What price sporting prestige?

What price sporting prestige?

It was perhaps fitting that the 2014 World Cup's first goal was scored by a Brazilian.

The Brazilian defender Marcelo Veira latched onto a cross drilled from the left and put it into an empty net - his own.

It was the football-mad country's first own goal in a World Cup match, leaving thousands of Brazilians at the Itaquerao stadium, where the opening game was played, red-faced.

It was also hugely symbolic.

Like the embarrassing own goal, Brazil's hosting of the world's most popular sporting event has been plagued by fiascos too.

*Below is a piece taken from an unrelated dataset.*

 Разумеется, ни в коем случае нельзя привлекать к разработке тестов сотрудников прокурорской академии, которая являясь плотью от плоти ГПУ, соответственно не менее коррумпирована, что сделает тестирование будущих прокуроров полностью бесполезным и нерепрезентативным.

The beautiful game has long been an opiate for the masses in the largest South American country. Retired Brazilian footballer Pele is revered almost as a saint and today the country's star striker Neymar da Silva Santos Junior is among the most recognisable football players on the planet. But instead of rejoicing at playing host, waves of anger have coloured the world event so far.

Protests and violence have erupted across the country, with teachers, transport workers and regular citizens joining in the strikes against the government for hosting the World Cup.

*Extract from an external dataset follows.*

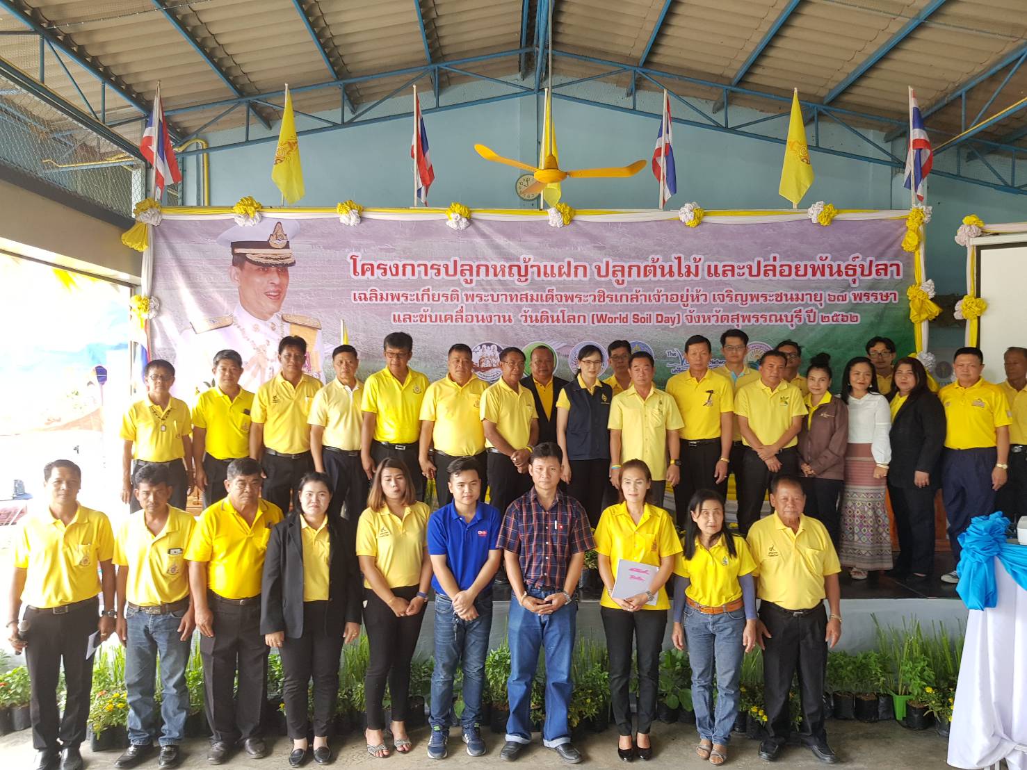 ที่ลานเอนกประสงค์บ้านท่าทอง ตำบลปากน้ำ อำเภอเดิมบางนางบวช นายนิมิต วันไชยธนวงศ์ ผู้ว่าราชการจังหวัดสุพรรณบุรี เป็นประธานเปิดโครงการรณรงค์ปลูกหญ้าแฝก ปลูกต้นไม้ และปล่อยพันธุ์ปลา เฉลิมพระเกียรติ พระบาทสมเด็จพระวชิรเกล้าเจ้าอยู่หัว พระชนมายุครบ 67 พรรษา และขับเคลื่อนงาน “ วันดินโลก (World Soil Day) จังหวัดสุพรรณบุรี ปี 2562 ” โดยมีนายวัฒนา ยั่งยืน นายอำเภอเดิมบางนางบวช พร้อมส่วนราชการให้การต้อนรับและร่วมกิจกรรม ปลูกหญ้าแฝกจำนวน 200,000 กล้า ปลูกต้นรวงผึ้งต้นไม้ประจำพระองค์รัชกาลที่ 10 ต้นพยุง และไม้ป่าอื่นๆ จำนวน 267 ต้นและปล่อยพันธุ์ปลา ปลากาดำ ปลาพื้นถิ่น จำนวน 400,000 ตัว

Reports of exorbitant spending on the new stadiums and the eviction of thousands of poor families to make way for new football facilities have dominated international media coverage of the event.

A survey by American research organisation Pew Research showed that six in 10 Brazilians think hosting the World Cup is bad for their country's economy.

They are right. In fact, economic studies have shown that, with a few exceptions, the hosting of a mega sporting event has resulted in losses rather than full pockets.